[What is required]
After locating the line with "由註冊物理治療師進行臨床評估" below, output it and each following line exactly, stopping after the line with "8917 2018 \もうすぐ春だね!/". No pictures.

═════ Supplied data ═════

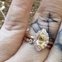 natural yellow sapphire set with lab diamond halo. Ring is 10k rose gold. With plated white gold prongs. Size 7. It’s a gorgeous ring. I just don’t wear it. Open to trades too. Please email vhenke@live.com
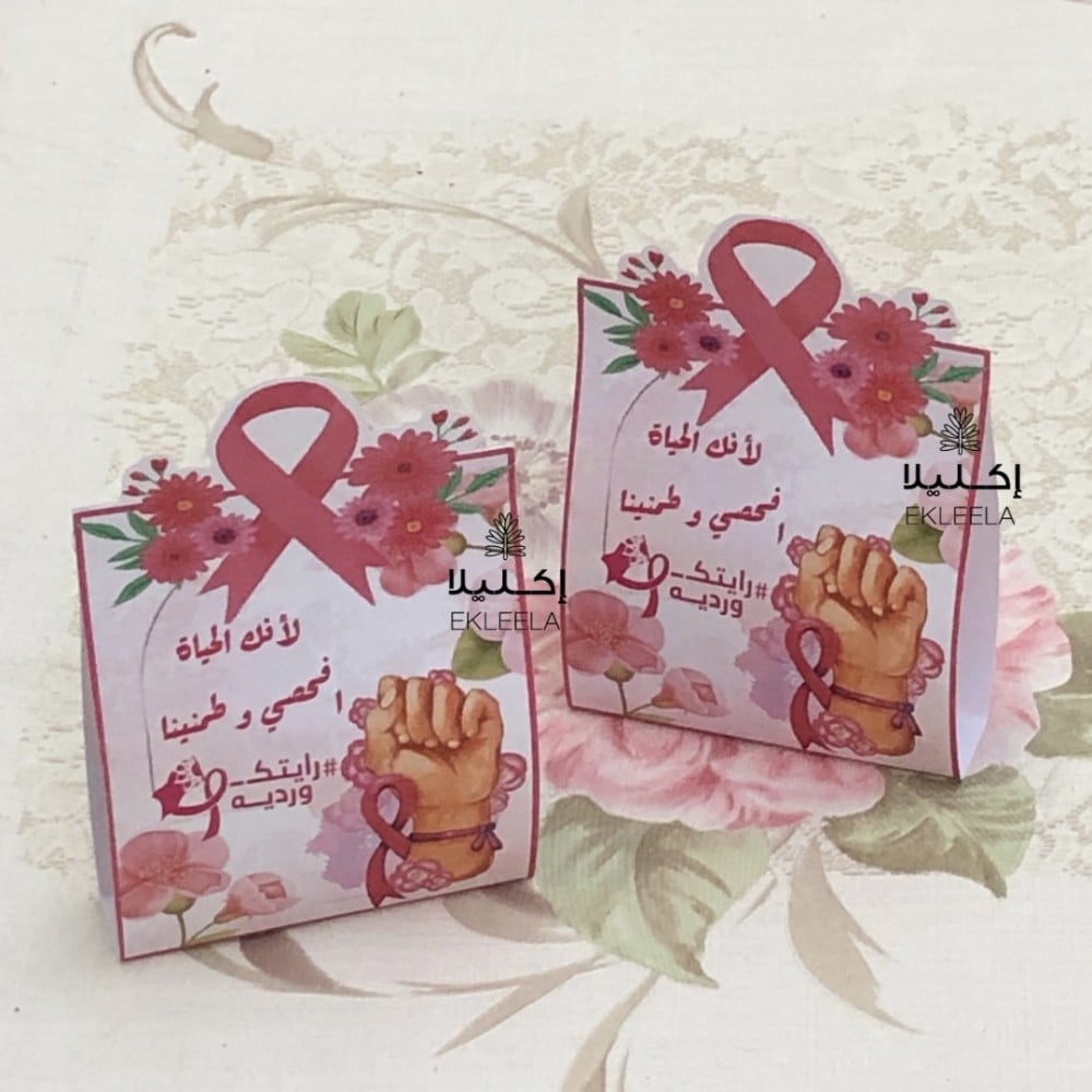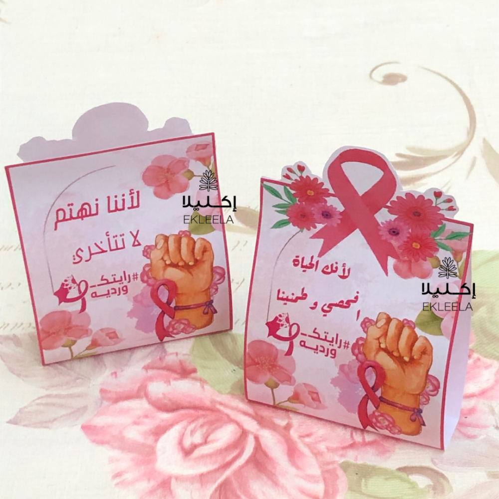 توزيعات ورقيه حجم صغير بثيم توعيه بسرطان الثدي مع تعبيه
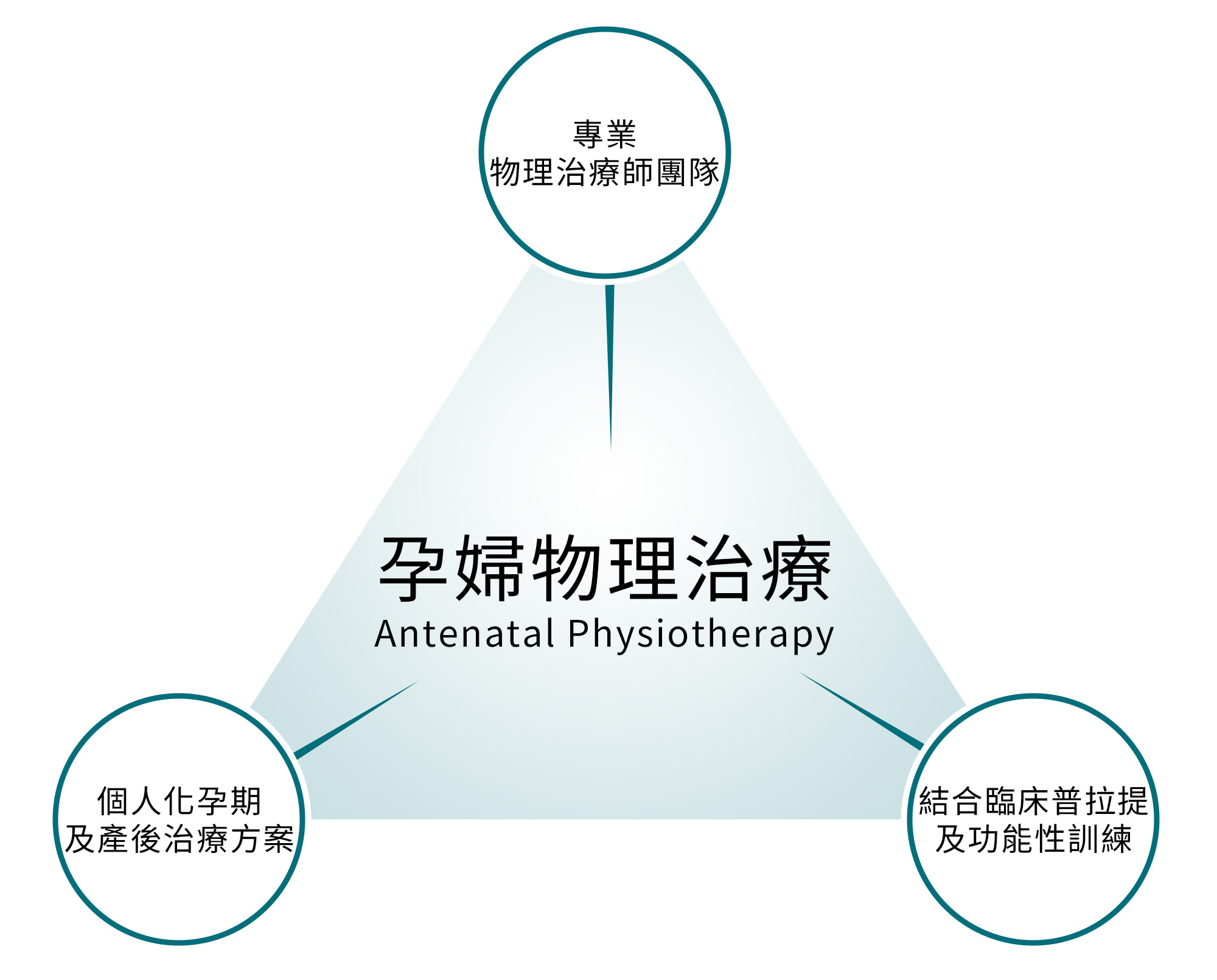由註冊物理治療師進行臨床評估,了解孕期身體變化及痛症情況,並透過安全的手法治療、運動及功能性訓練,協助孕婦舒緩痛楚、改善活動能力,同時加強核心及盆底肌穩定性,改善現有不適,減少產後的不適問題。
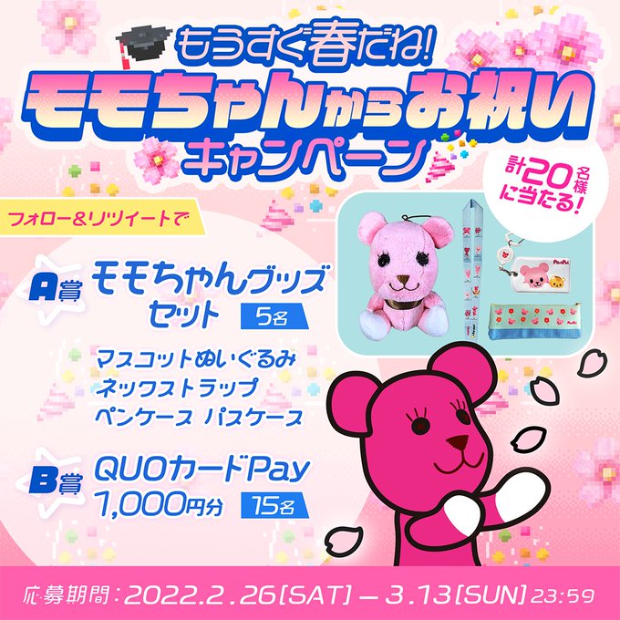 8917 2018 \もうすぐ春だね!/ モモちゃんからお祝い🌸 #キャンペーン フォロー&リツイートで、 この春から使える【モモちゃんグッズセット🧸🌸 】 【QUOカードPay1000円分】が 計 20名様に当たる❣️❣ [3月13日(日) 23:59まで] みんな の かどで を おうえん( 'ω' و(و" #懸賞 #プレゼント #QUOカードPay 22/02/26 20:00
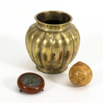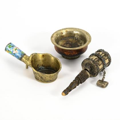 Kleine Gebetsmühle mit Schriftzeichen in Bein, H 15 cm. / Messing-Butterlampe mit Cloisonnégriff. L 13 cm. / Holzschale mit Metalleinsatz, wohl auch als Butterlampe verwendet, Ø 8 cm
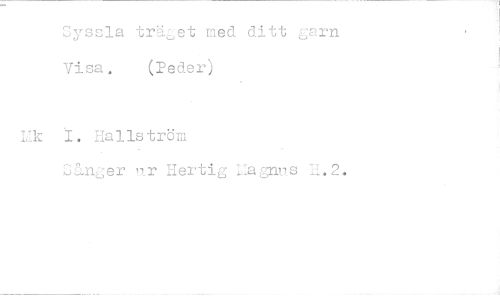 //// Syssla träget med ditt garn Visa, (Peder) //// k I. Hallström //// Sånger -tr Hertig 1.1a gnus H.2.
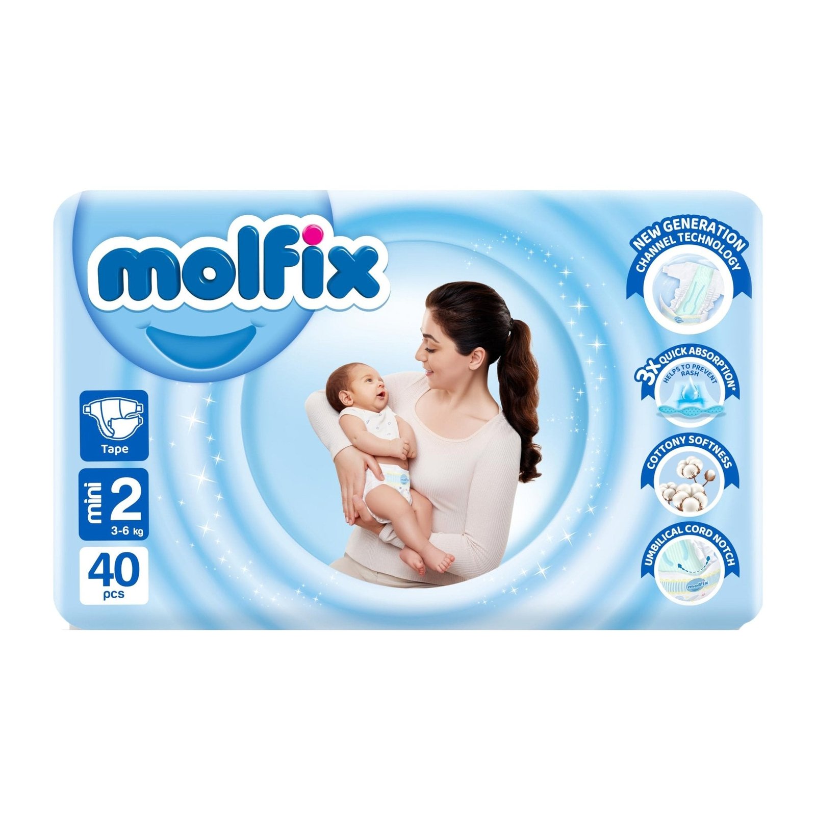 Molfix baby diapers are produced with utmost care, they are extremely gentle on your baby’s sensitive skin, and their green absorbent layer provides perfect dryness while the outer surface of the diaper protects the skin. Thanks to water-resistant barriers that prevent leaks, Molfix gives babies full protection and keeps their skin dry and healthy around the clock.

═════

[Response]
由註冊物理治療師進行臨床評估,了解孕期身體變化及痛症情況,並透過安全的手法治療、運動及功能性訓練,協助孕婦舒緩痛楚、改善活動能力,同時加強核心及盆底肌穩定性,改善現有不適,減少產後的不適問題。
 8917 2018 \もうすぐ春だね!/ モモちゃんからお祝い🌸 #キャンペーン フォロー&リツイートで、 この春から使える【モモちゃんグッズセット🧸🌸 】 【QUOカードPay1000円分】が 計 20名様に当たる❣️❣ [3月13日(日) 23:59まで] みんな の かどで を おうえん( 'ω' و(و" #懸賞 #プレゼント #QUOカードPay 22/02/26 20:00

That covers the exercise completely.